Un incident d'une gravité exceptionnelle s'est produit à Tshikapa, chef-lieu de la province du Kasaï. Devant une foule composée de militants de l'UDPS et d'agents de la mairie, le maire de la ville a publiquement déchiré une copie de la Constitution de la République démocratique du Congo, qu'il a qualifiée d' "œuvre des belligérants".
Cet acte, posé en plein rassemblement, suscite une vive controverse et relance le débat sur le respect des institutions de la République par les autorités publiques.
Pour de nombreux observateurs, un tel acte, posé par une autorité investie de la mission de faire respecter les lois du pays, constitue un précédent inquiétant.
En effet, aussi longtemps que la Constitution demeure en vigueur et qu'elle n'a été ni révisée ni remplacée conformément aux procédures prévues par la loi, elle reste la norme suprême à laquelle tous les citoyens, y compris les autorités publiques, sont tenus de se conformer.

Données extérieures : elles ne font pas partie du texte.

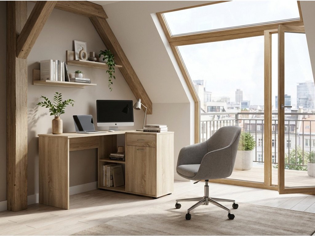 Chápeme, že každý má své specifické potřeby, pokud jde o ukládání pracovních potřeb. Stůl Alfa 305 skvěle využívá veškerý prosto na uložení věcí. Na jedné straně praktickou skříňku s dvířky a zásuvkou, kde můžete uschovat všechny důležité dokumenty a pomůcky, které chcete mít po ruce, ale ne na očích. Rohy bývají často nevyužité, ne ovšem u stolu Alfa 305, kde najdete prostorné police.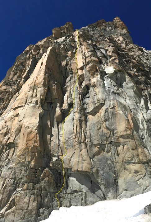 Petit Clocher du Tacul (3682 m). It is a hidden satellite of Mont Blanc du Tacul, between Chandelle and Trident. The south face was climbed first by Perrod and Stuffer in 1967. Their "Z" roof was climbed also by Dudas and Laurent in 2010 climbing Tunnel Surprise, the first modern line with a spectacular slot. In a short time Oviglia and Giorda climbed an indipendent (but 2nd pitch) but parallel route (Stelle e Tempeste). Finally Bassanini and Camurri completed the streight line with the perfect Bridwell Crack.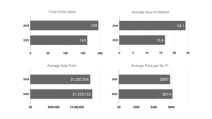 Meanwhile, Arlington’s real estate market in 2025 demonstrated continued strength and rising home values despite a slowdown in overall sales activity. The number of sales declined by 16.41%, from 195 to 163, pointing to reduced inventory or a more competitive market. Even so, the average sale price rose 3.27% to $1,329,102, and the average price per square foot increased 4.60% to $614, signaling sustained buyer demand and appreciating property values. Homes also sold much more quickly, with the average days on market (DOM) dropping significantly by 31.12% from 24.1 to just 16.6 days. Overall, Arlington’s 2025 market was characterized by faster sales and steady price growth, reflecting strong demand despite fewer transactions.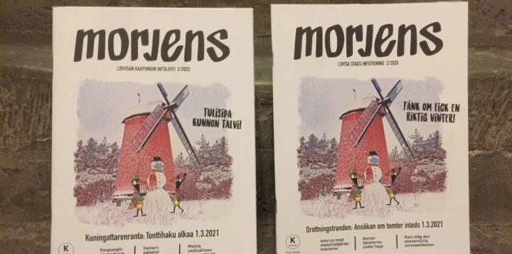 10.12.2020 Stadens infotidning Morjens delas ut till Lovisahushåll 10.12.2020 Den nya upplagan av Lovisa stads infotidning Morjens delas ut som offentligt meddelande med dagsposten till alla hushåll på torsdag 10.12.2020. I tidningens höstnummer skriver vi bland annat om Drottningstrandens tomtansökning, trafiksäkerheten och budgeten för 2021. Om du av någon orsak blir utan tidningen kan du kontakta Lovinfo på telefonnumret 019 555 555 eller per e-post på lovinfo@loviisa.fi, så skickar vi dig ett exemplar. Du kan även hämta tidningen på Lovinfo på Mariegatan 12 A. Från och med vecka 51 finns det senaste numret på huvud- och närbiblioteken och i bokbussen. Den elektroniska tidningen (pdf) hittar du här. Dela: Länken har kopierats till urklipp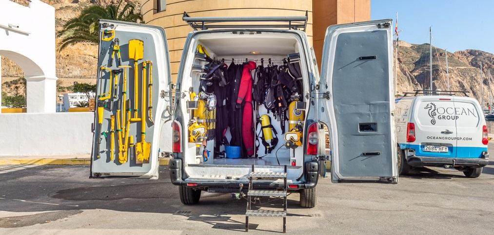 -Equipos de buceo autónomo para trabajos en el fondo y dos compresores de aire de 12 m*/h cada uno para la carga de botellas.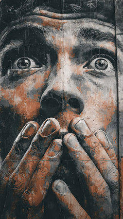 A person clutches their chest, eyes wide, breathing fast, overwhelmed by panic.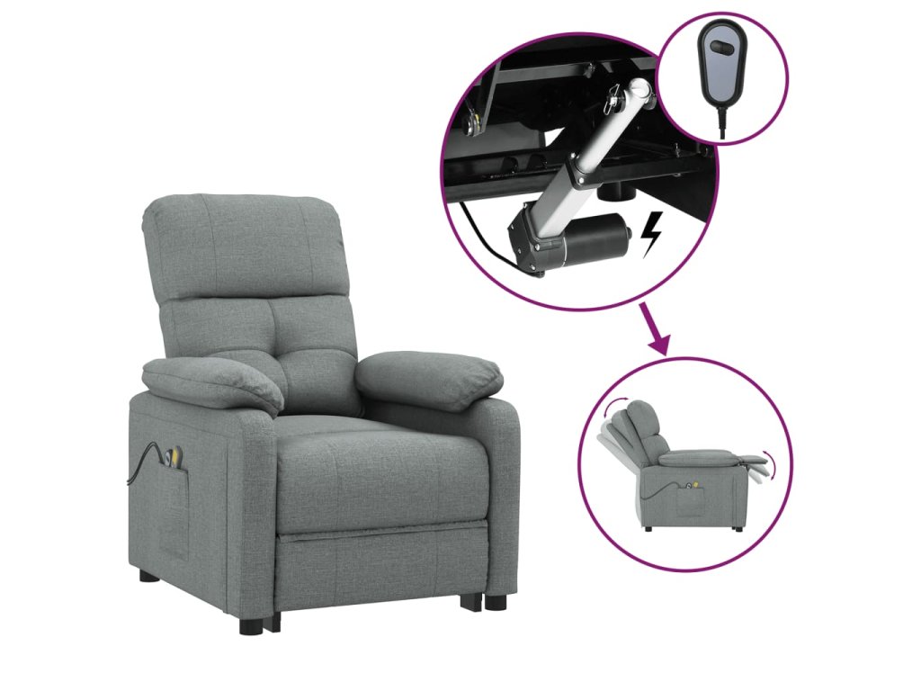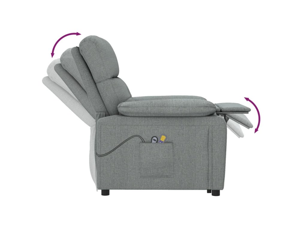 - Funkcia sklápania: Toto polohovacie kreslo je vybavené elektrickým motorčekom, ktorý umožňuje sklápanie operadla. Kreslo sa dá sklopiť do 3 rôznych polôh, a tak si môžete jednoducho nastaviť operadlo aj opierku na nohy do požadovanej polohy pomocou ručného ovládania s 2 tlačidlami, ktoré je súčasťou balenia.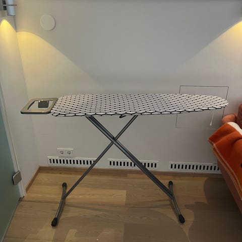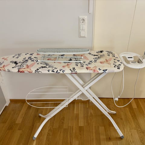 Leifheit silityslauta, jossa vaaleansininen pilvikuvioitu päällinen. Laudassa on integroitu pistorasia silitysraudalle ja johdonpidike. Korkeus on säädettävissä, ja metallirunko tarjoaa tukevan alustan silittämiseen. Sopii kotikäyttöön erilaisten vaatteiden ja tekstiilien silittämiseen.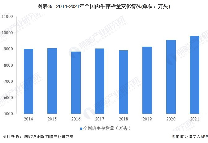 据国家统计局统计数据显示,2014年以来,我国肉牛存栏量整体呈现震荡趋势,截至2021年,全国肉牛存栏9817万头,同比增长2.7%。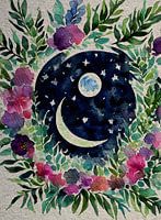 Bohemian Vintage aquarel van de maan omringd door bloemenkransen in een diep donkere nacht, met een donkerblauw, paarse hemel. De maan is omringd door sterren en bloemen.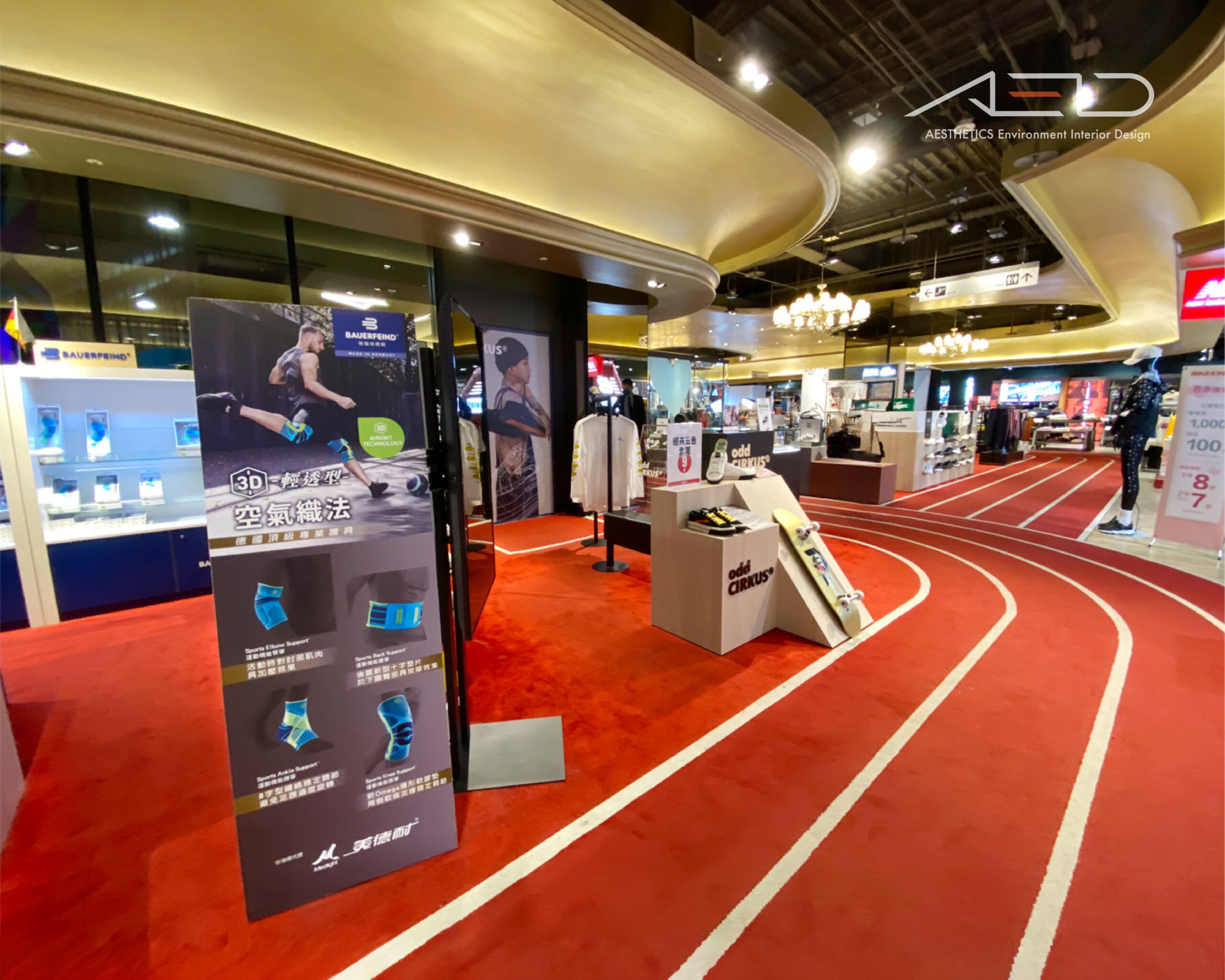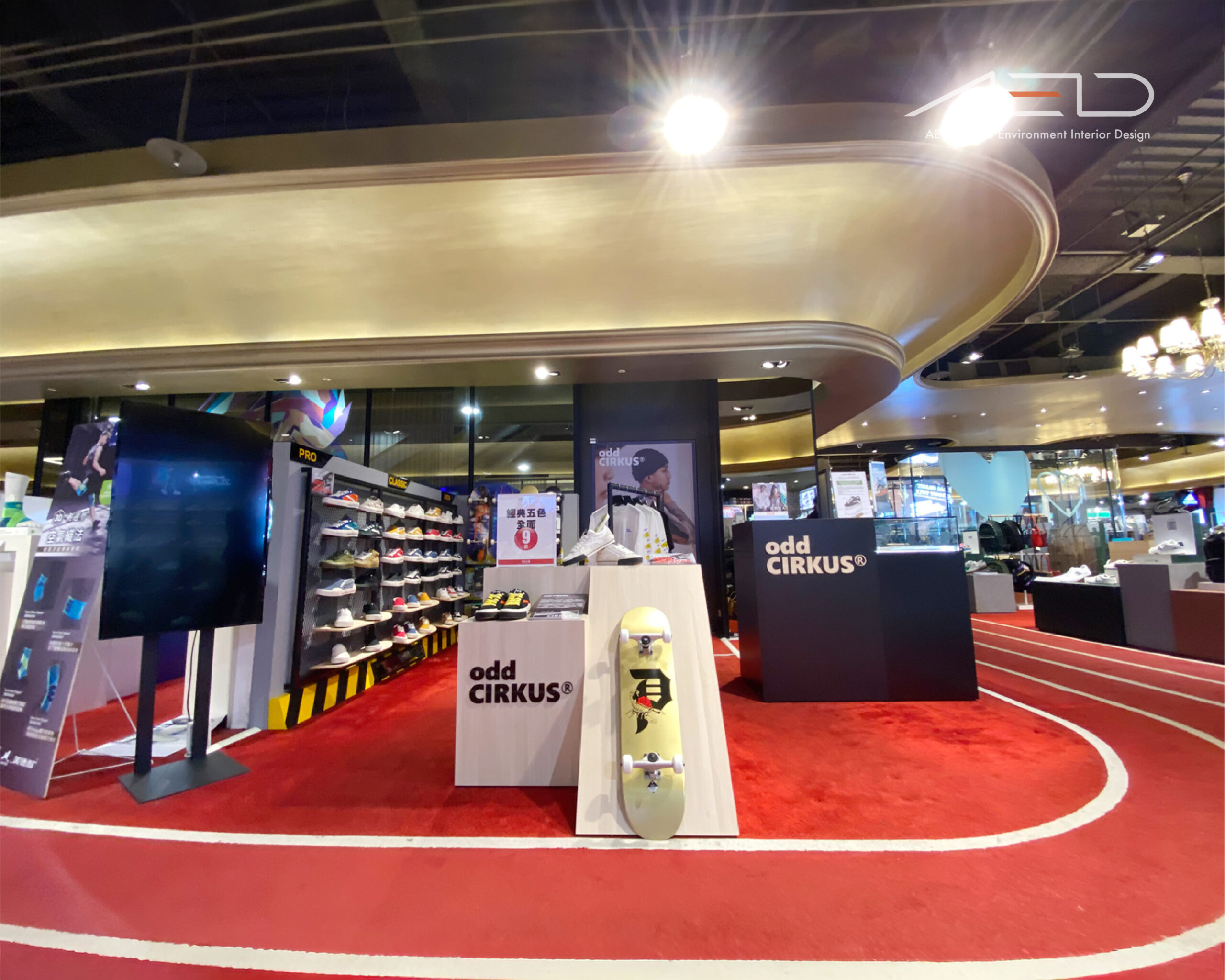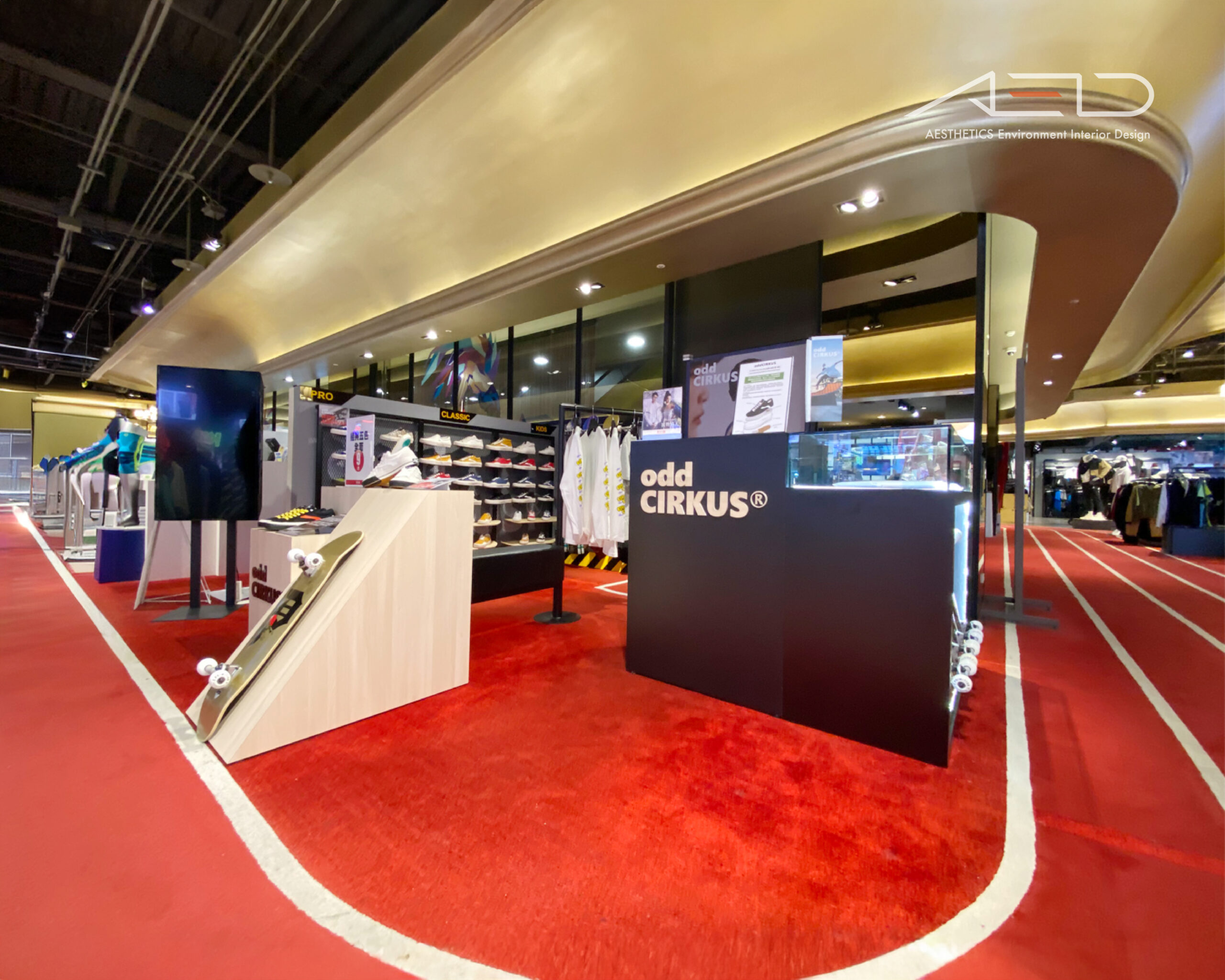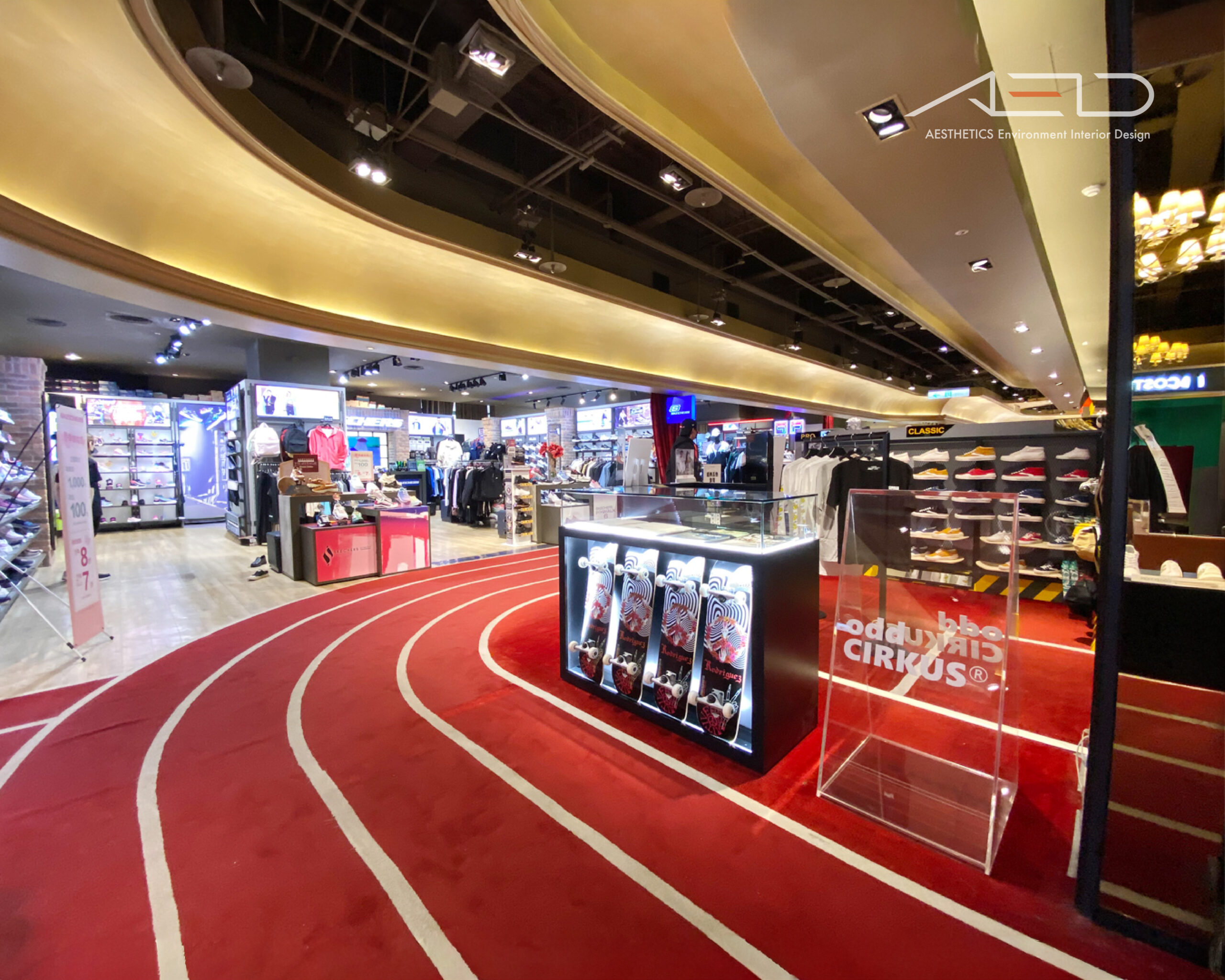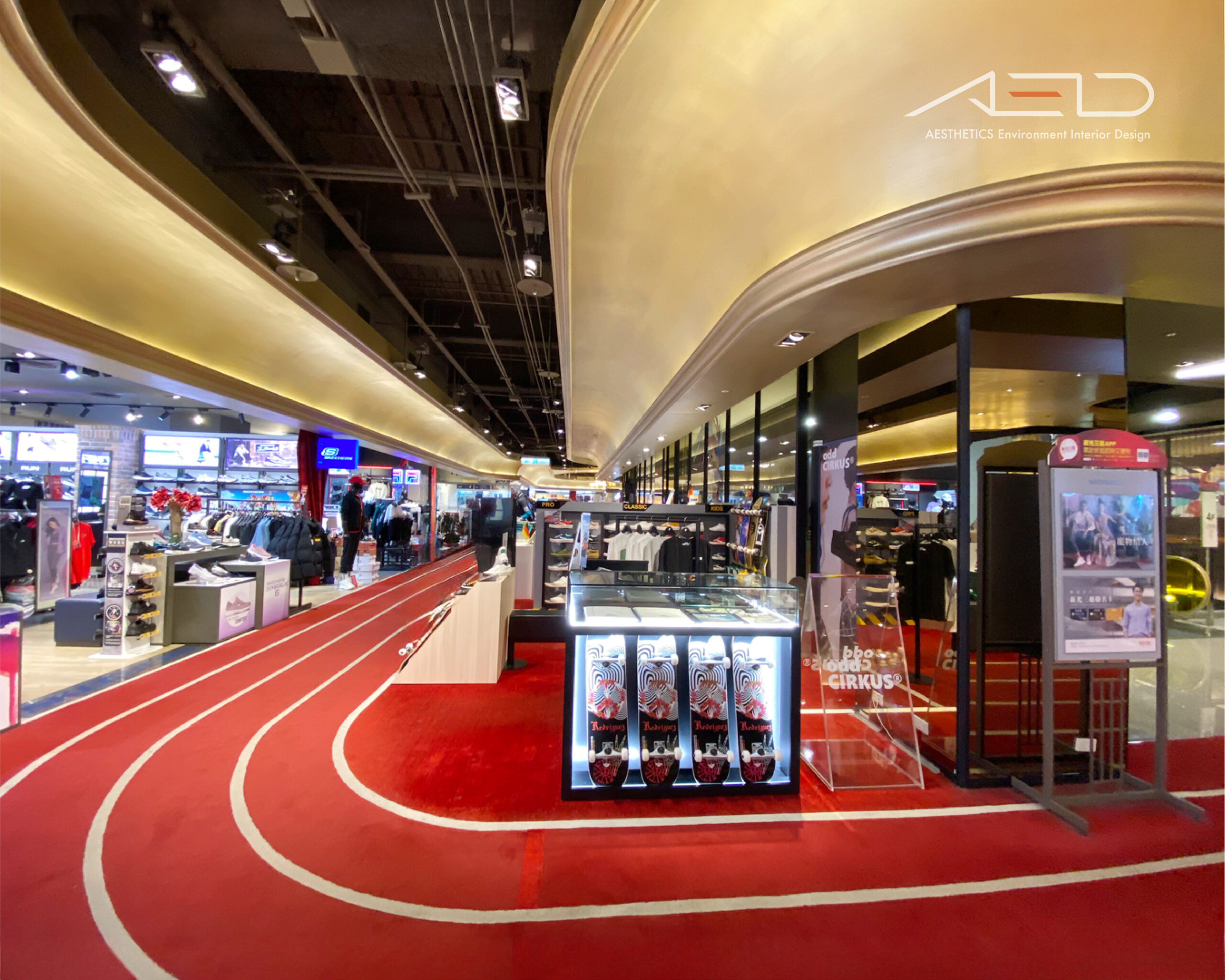 以象徵街頭運動的跑道意象貫穿整體場域,紅色地坪與流動線條構成鮮明的空間動線,引導顧客自然穿梭於品牌展示之間。

Cet acte symbolique, largement commenté, pourrait alimenter les appels à des sanctions disciplinaires ou judiciaires si les autorités compétentes estiment qu'il constitue une violation des obligations liées à la fonction publique ou un outrage aux institutions de la République.
En attendant une éventuelle réaction du Gouvernement ou des instances judiciaires, cette scène continue de susciter de nombreuses interrogations sur le respect de l'État de droit et des symboles de la République en RDC.